Request Tracing and Metrics

Tracing and Metrics provide fine-grained insight into how an application is performing, and helps to diagnose when it is not.

Health indicators can tell you a lot about the performance of an application. Monitoring them is vital both during its development and production lifecycle.

For a database, performance is best encapsulated via per-request performance. In addition to having insight down to the request level, it is also important to understand how the application behaves as a whole. For both the micro and macro-view, tracing and metrics are powerful tools in the toolbox.

Request Tracing allows you to analyze the latency characteristics of individual requests and answer questions about where the overall wall-clock time is spent. If a request takes 500 milliseconds to execute, it is possible to understand what fraction was spent on the server and network, and how much time was spent in encoding for example. Couchbase’s built-in tracer will perform the aggregations and log the top slowest operations at a configurable interval to provide efficient ways to start debugging and troubleshooting.

Metrics, by contrast, provide insight into how the application (or SDK for that matter) is performing as a whole. Individual requests are aggregated, and our default meter implementation will log aggregated percentiles on a per operation-type basis. This makes it possible to quickly pinpoint slow operation types (like a get operation,) and then further pinpoint the causes through tracing.

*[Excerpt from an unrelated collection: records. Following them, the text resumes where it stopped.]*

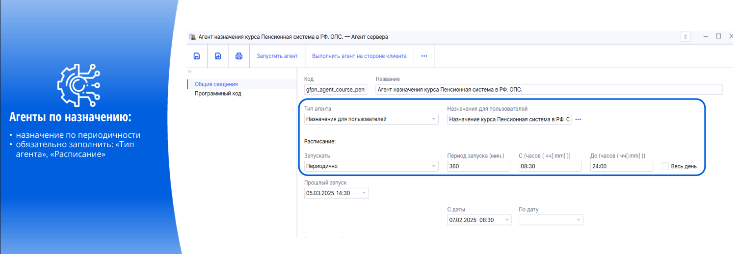 2) Настроили автоматические агенты, которые выполняются по расписанию, обновляют данные и назначают курсы: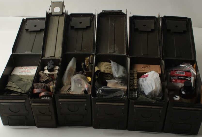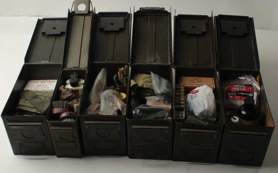 Six military metal ammo cans; 3 filled with gun cleaning supplies; 3 filled with ammo consisting mostly of .45 caliber pistol brass, .22LR ammo, .30-06 ammo, .45LC ammo, .30 carbine ammo, .303 British ammo and brass. Est.: $75-$150.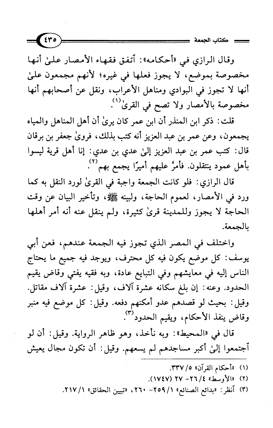 وقال الرازي في "أحكامه": اتفق فقهاء الأمصار على أنها مخصوصة بموضع، لا يجوز فعلها في غيره؛ لأنهم مجمعون على أنها لا تجوز في البوادي ومناهل الأعراب، ونقل عن أصحابهم أنها مخصوصة بالأمصار ولا تصح في القرى (¬1).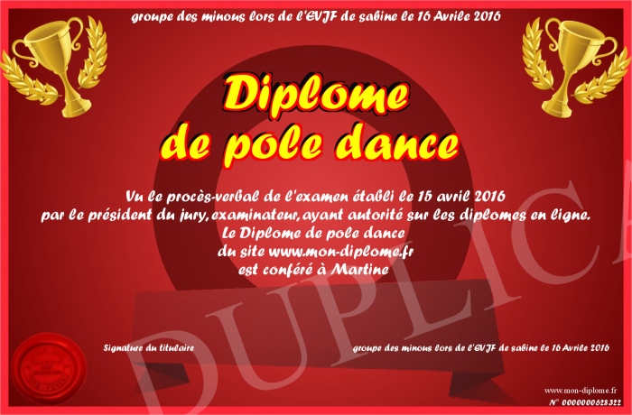 Envoyez par email votre Diplôme de pôle dance personalisé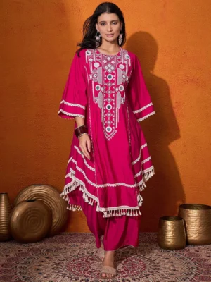 - Color – Available in vibrant shades with delicate floral embroidery and mirror work accents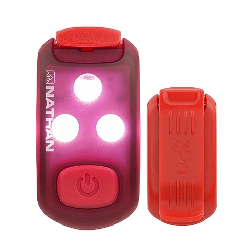ネイサンのビジビリティ LEDライト NS5113は、電池式で生活防水仕様。ストローブライト2.0で夜間の安全を確保し、クリップ式でマゼンタ色。ランニングやウォーキングに最適。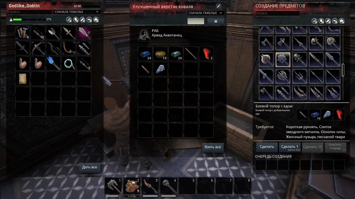 После того, как свиток с необходимым рецептом будет у вас в руках и вы внимательно его изучите, выяснится, что для производства оружия с ядом, потребуются 20 слитков Звездного Метала, Осколок Силы и Желчный Пузырь Песчаной Твари.

In addition to built-in turnkey logging solutions, support for external systems is also provided. These depend on your platform of choice, but OpenTelemetry is one of the more popular ones. As well as further discussion below, refer to the the howto guide for specific information for your target platform of choice.

Request Tracing

Tracing provides granular timing information down the individual phases of a request/operation. For a simple overview, consider the following output for an individual request — which is logged from the default tracer that ships with the SDK, and is enabled by default:

{
  "total_duration_us": 1200,
  "encode_duration_us": 100,
  "last_dispatch_duration_us": 40,
  "total_dispatch_duration_us": 40,
  "last_server_duration_us": 2,
  "total_server_duration_us": 2,
  "operation_name": "upsert",
  "last_local_id": "66388CF5BFCF7522/18CC8791579B567C",
  "operation_id": "0x23",
  "last_local_socket": "10.211.55.3:52450",
  "last_remote_socket": "10.112.180.101:11210",
  "timeout_ms": 2500,
}

It is possible to identify how long the operation took to encode, how much time it spent on the server, to which node it got sent to and much more. Only requests over a configurable threshold are logged and reported, so it is possible to fine tune these settings depending on the performance characteristics of each environment.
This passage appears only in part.